GM internal probe leaves critical questions unanswered


By Paul Lienert

DETROIT, June 5 (Reuters) - General Motors Chief Executive Mary Barra for weeks has deflected critical questions about the automaker's handling of a recall of cars linked to at least 13 deaths, saying she would wait for the results of a months-long internal investigation.

But those findings, by GM's outside counsel Anton Valukas of Jenner & Block, proved less than definitive when released on Thursday.

From early in the investigation of the recall, a key question has been why the company redesigned the defective ignition switch linked to crashes but did not follow industry practice of changing the part number at the same time. That omission slowed accident investigations.

During April congressional hearings, Barra was unable to explain the decision. Valukas addressed the circumstances surrounding the part change in detail, and mainly blamed switch designer Ray DeGiorgio, who was among the 15 employees dismissed by GM after the probe. But the report did not explain the decision. On Thursday, Barra said she couldn't speculate on the reason.

The 325-page report, described by Barra as "extremely thorough and brutally tough," was particularly critical of GM's legal department but said GM's top lawyer, General Counsel Michael Millikin, did not know details of the switch until this year.

One attorney, William Kemp, who worked for years on the switch issue, was asked why he waited until this February to tell his boss about it. "He could not explain why he did not raise it with Millikin earlier and in hindsight says he probably should have," the report concludes.

Barra on Thursday said Millikin, 65, remains general counsel. Kemp is among the 15 GM employees dismissed in the wake of the investigation, according to a GM source familiar with the situation. GM declined to make Millikin available.

Also left unanswered was what role Millikin played in the internal probe, if any. When Barra announced the start of the investigation in early March, GM said that Millikin would co-lead it with Valukas. Some observers questioned whether there was a conflict of interest. On Thursday, a GM spokesman said the report and the investigation were solely the work of Valukas and declined to explain why the company earlier had said Millikin would take part.
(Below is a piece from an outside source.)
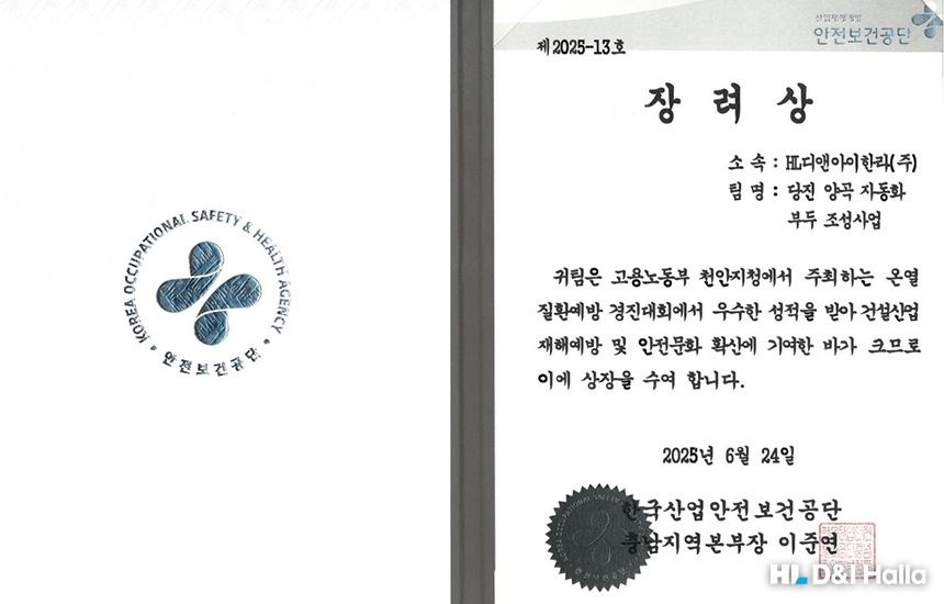 처음 공적조서를 작성할 때는 기대감 없이 시작하게 되었습니다. 점차 욕심이 생겼고, 이는 단순한 개인 포상 차원을 넘어 회사 이미지를 높이고, 소속된 안전보건팀의 노고를 대외적으로 알릴 좋은 기회라는 생각에 적극적으로 도전하게 되었습니다. 큰 상을 받게 되어 기쁘고, 시상식 화면에 제 이름과 함께 ‘HL 디앤아이한라’라고 회사명이 뜨는 것을 보며 뿌듯함과 감격스러움을 느꼈습니다.

The report did not disclose the number of legal settlements GM has reached with families of crash victims, nor did it offer a final count on fatalities. GM on Thursday said lawyer Kenneth Feinberg, who is designing a victims compensation fund for GM, would determine the number of deaths linked to the switch.

Valukas said that GM engineers and lawyers for years didn't connect the defective switch with the safety issues surrounding non-deployment of air bags in Chevrolet Cobalts and Saturn Ions. But the report did not say on what basis GM attorneys approved legal settlements with victims' families.

Valukas also raised questions about the whereabouts of key paperwork from GM engineers and switch supplier Delphi, both of which were required to sign off on the design of the original ignition switch in 2002. The investigation confirmed that the switch did not meet GM's own performance specifications, but it said the approval form was missing from the files of GM as well as Delphi. Delphi was obligated to keep a copy, the report said. Delphi did not respond immediately to a request for comment.